Records for this task:

★ ★ ★

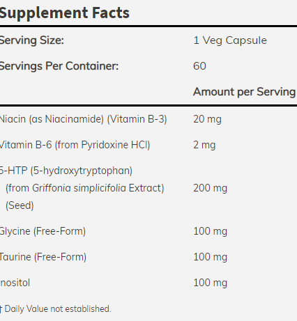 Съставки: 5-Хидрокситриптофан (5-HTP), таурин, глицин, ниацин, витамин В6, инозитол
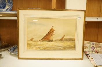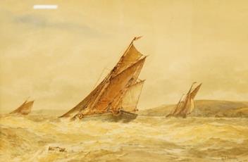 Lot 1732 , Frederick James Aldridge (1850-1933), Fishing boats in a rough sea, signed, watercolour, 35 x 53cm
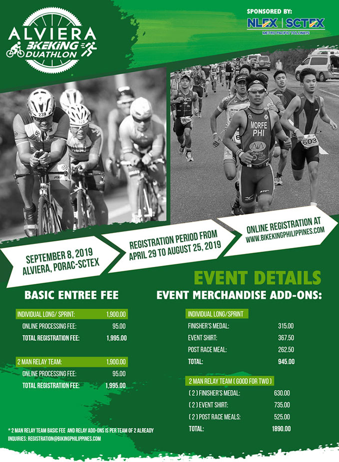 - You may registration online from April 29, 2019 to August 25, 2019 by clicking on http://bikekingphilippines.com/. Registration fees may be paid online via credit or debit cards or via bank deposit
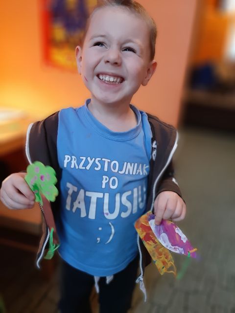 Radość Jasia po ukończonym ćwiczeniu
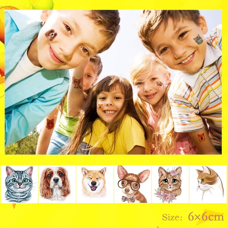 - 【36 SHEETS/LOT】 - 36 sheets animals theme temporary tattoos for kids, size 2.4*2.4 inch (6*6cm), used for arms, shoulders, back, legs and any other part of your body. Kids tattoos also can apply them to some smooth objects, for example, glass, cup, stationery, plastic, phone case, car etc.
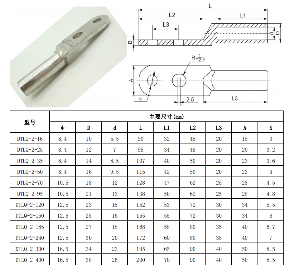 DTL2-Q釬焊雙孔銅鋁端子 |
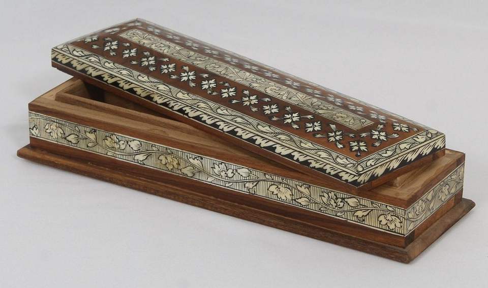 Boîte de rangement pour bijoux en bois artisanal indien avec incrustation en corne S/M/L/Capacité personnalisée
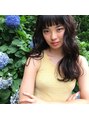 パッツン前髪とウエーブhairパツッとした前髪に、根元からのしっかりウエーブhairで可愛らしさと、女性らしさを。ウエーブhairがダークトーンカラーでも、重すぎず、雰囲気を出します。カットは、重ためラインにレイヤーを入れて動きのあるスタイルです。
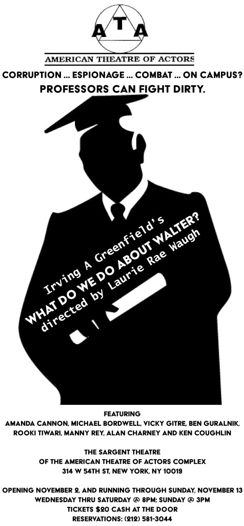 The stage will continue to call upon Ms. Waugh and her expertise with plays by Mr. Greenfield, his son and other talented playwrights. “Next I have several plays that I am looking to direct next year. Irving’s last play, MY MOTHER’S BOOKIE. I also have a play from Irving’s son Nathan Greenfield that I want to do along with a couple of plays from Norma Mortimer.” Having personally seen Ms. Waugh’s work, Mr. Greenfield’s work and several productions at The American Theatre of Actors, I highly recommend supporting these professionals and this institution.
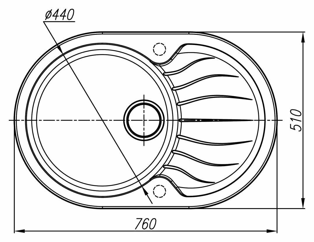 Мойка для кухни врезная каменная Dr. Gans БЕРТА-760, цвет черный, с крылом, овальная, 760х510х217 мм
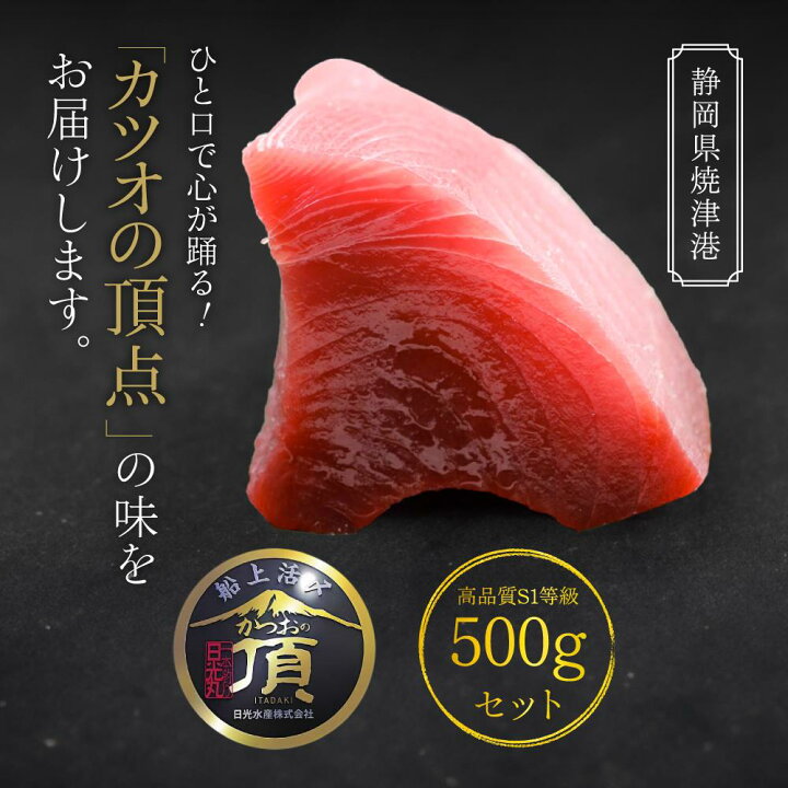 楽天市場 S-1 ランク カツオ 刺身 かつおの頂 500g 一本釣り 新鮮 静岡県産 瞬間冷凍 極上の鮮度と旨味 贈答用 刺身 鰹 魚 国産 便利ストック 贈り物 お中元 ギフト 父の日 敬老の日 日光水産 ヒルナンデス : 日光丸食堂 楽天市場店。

★ ★ ★

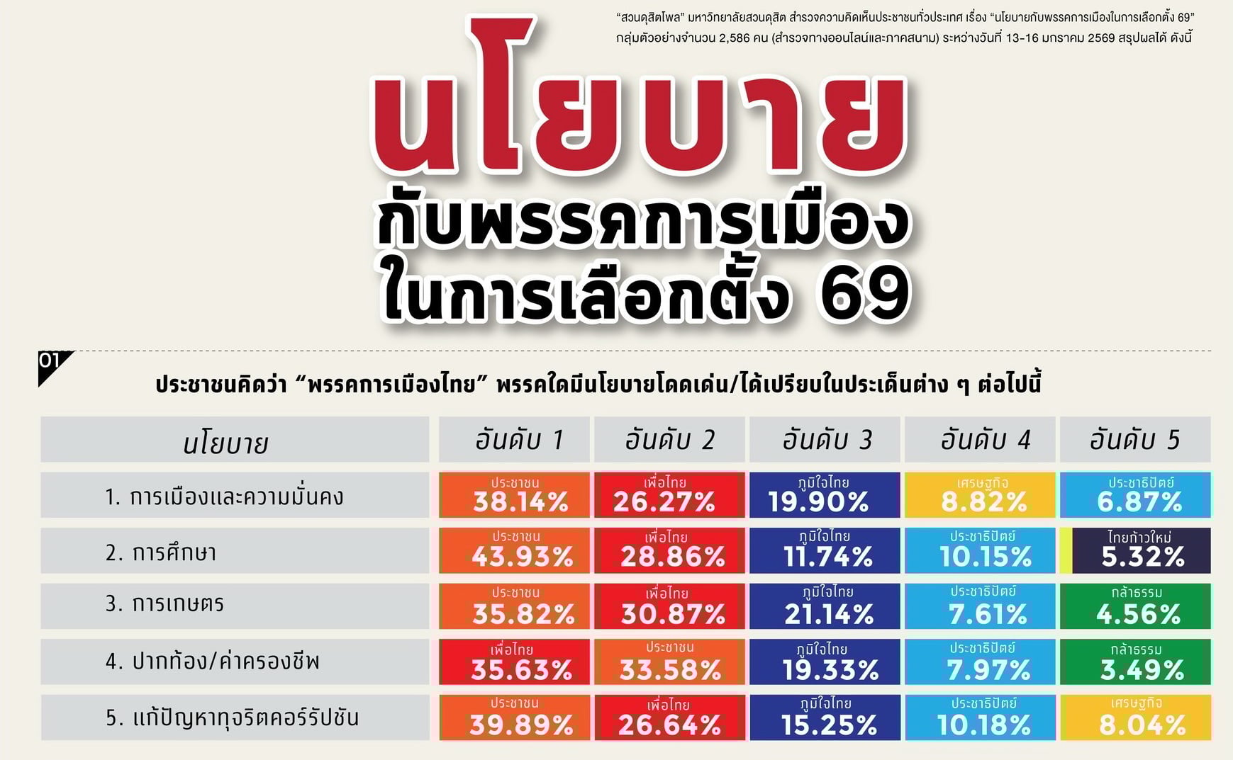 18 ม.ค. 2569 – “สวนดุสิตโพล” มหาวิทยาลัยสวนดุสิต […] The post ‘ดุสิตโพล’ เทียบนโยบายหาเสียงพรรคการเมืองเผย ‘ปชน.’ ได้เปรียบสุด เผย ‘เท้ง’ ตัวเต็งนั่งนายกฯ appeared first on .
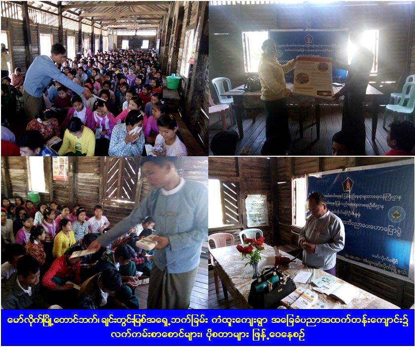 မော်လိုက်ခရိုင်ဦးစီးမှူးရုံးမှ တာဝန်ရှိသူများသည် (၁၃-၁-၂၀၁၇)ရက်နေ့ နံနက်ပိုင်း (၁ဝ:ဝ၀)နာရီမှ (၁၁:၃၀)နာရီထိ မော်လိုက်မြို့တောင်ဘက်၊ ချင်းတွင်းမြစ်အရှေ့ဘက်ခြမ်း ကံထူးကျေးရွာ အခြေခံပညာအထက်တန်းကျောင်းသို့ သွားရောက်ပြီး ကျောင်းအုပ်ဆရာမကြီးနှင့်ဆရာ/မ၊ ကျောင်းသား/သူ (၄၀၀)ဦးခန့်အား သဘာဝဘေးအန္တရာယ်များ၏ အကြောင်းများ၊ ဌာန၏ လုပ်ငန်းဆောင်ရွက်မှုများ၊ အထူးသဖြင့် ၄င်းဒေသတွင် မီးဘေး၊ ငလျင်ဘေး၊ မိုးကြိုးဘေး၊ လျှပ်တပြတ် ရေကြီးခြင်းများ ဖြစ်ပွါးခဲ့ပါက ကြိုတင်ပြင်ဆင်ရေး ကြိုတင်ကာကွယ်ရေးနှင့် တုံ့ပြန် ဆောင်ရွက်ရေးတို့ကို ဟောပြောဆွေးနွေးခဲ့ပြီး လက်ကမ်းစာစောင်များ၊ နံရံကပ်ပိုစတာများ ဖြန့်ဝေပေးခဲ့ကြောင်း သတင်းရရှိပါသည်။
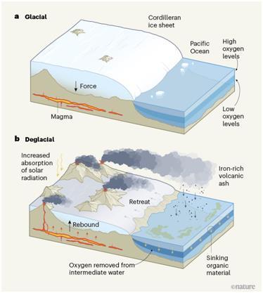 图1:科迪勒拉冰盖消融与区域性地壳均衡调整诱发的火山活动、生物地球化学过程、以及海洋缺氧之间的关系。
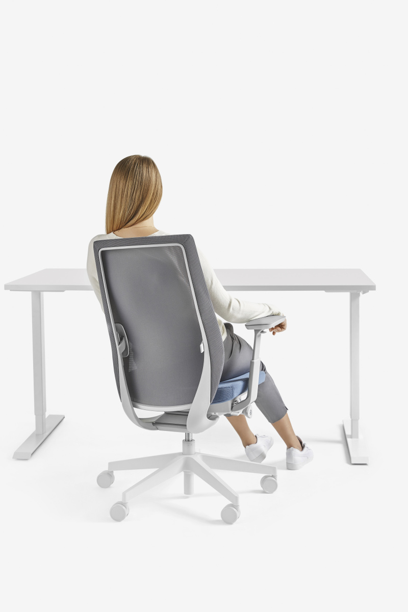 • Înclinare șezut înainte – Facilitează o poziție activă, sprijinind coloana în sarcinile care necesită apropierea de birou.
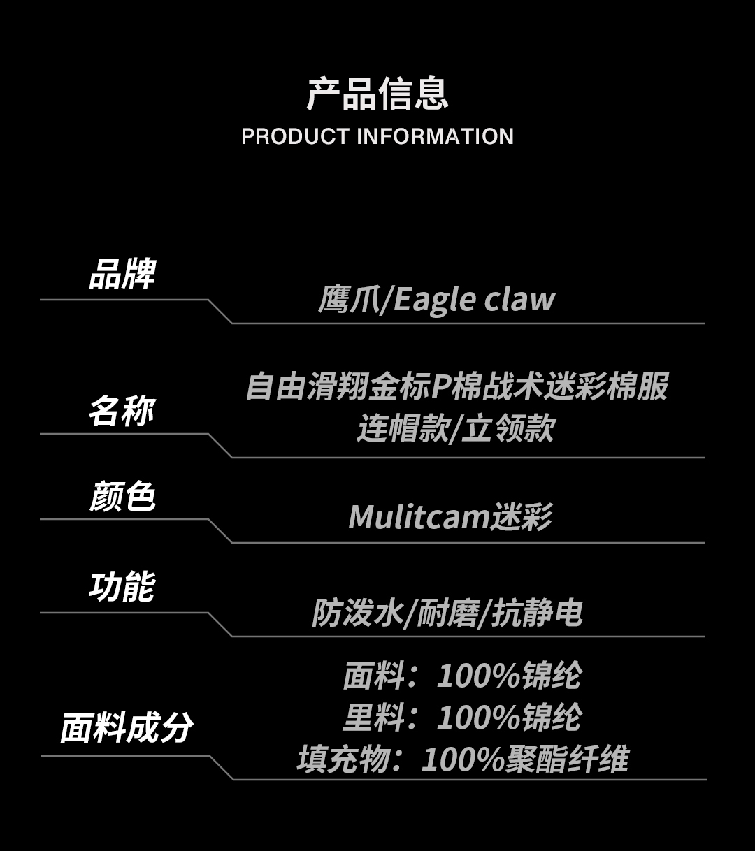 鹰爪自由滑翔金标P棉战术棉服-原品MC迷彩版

★ ★ ★

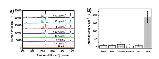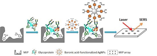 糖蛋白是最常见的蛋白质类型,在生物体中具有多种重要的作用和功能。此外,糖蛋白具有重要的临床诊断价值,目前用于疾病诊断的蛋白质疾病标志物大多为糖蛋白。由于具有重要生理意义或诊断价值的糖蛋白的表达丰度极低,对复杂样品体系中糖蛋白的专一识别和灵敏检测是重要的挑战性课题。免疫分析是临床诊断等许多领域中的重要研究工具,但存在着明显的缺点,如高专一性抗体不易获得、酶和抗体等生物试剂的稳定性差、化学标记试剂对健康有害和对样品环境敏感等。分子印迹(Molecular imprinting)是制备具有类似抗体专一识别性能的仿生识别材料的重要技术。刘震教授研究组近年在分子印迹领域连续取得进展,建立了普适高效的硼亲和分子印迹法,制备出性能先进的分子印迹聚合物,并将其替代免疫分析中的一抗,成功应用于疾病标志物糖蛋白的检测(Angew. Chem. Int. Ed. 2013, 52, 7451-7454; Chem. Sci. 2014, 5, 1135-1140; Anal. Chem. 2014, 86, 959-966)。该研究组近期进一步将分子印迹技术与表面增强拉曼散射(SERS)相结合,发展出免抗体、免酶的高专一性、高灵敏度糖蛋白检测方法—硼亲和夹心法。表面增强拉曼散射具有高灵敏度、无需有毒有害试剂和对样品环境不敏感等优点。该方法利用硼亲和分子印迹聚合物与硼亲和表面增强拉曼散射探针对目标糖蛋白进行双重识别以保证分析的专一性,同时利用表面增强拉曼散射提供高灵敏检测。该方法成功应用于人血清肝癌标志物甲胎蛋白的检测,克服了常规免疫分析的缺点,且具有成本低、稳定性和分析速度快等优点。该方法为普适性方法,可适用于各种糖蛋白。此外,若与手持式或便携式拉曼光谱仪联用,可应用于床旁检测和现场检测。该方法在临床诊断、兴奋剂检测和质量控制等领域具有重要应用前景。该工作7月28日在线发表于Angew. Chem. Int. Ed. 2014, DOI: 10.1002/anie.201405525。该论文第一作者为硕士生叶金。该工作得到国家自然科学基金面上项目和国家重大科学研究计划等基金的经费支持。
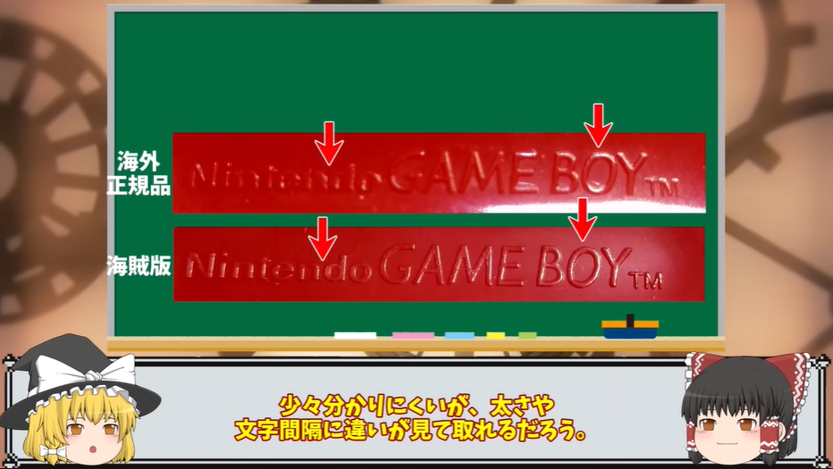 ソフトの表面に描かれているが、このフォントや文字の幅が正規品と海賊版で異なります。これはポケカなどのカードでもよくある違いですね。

★ ★ ★

About this exercise:
In the records above, copy exactly everything from the line that has "Boîte de rangement" down to the line that has "楽天市場 S-1 ランク", both ends included, and leave out the pictures.

Solution:
 Boîte de rangement pour bijoux en bois artisanal indien avec incrustation en corne S/M/L/Capacité personnalisée
 パッツン前髪とウエーブhairパツッとした前髪に、根元からのしっかりウエーブhairで可愛らしさと、女性らしさを。ウエーブhairがダークトーンカラーでも、重すぎず、雰囲気を出します。カットは、重ためラインにレイヤーを入れて動きのあるスタイルです。
 The stage will continue to call upon Ms. Waugh and her expertise with plays by Mr. Greenfield, his son and other talented playwrights. “Next I have several plays that I am looking to direct next year. Irving’s last play, MY MOTHER’S BOOKIE. I also have a play from Irving’s son Nathan Greenfield that I want to do along with a couple of plays from Norma Mortimer.” Having personally seen Ms. Waugh’s work, Mr. Greenfield’s work and several productions at The American Theatre of Actors, I highly recommend supporting these professionals and this institution.
 Мойка для кухни врезная каменная Dr. Gans БЕРТА-760, цвет черный, с крылом, овальная, 760х510х217 мм
 楽天市場 S-1 ランク カツオ 刺身 かつおの頂 500g 一本釣り 新鮮 静岡県産 瞬間冷凍 極上の鮮度と旨味 贈答用 刺身 鰹 魚 国産 便利ストック 贈り物 お中元 ギフト 父の日 敬老の日 日光水産 ヒルナンデス : 日光丸食堂 楽天市場店。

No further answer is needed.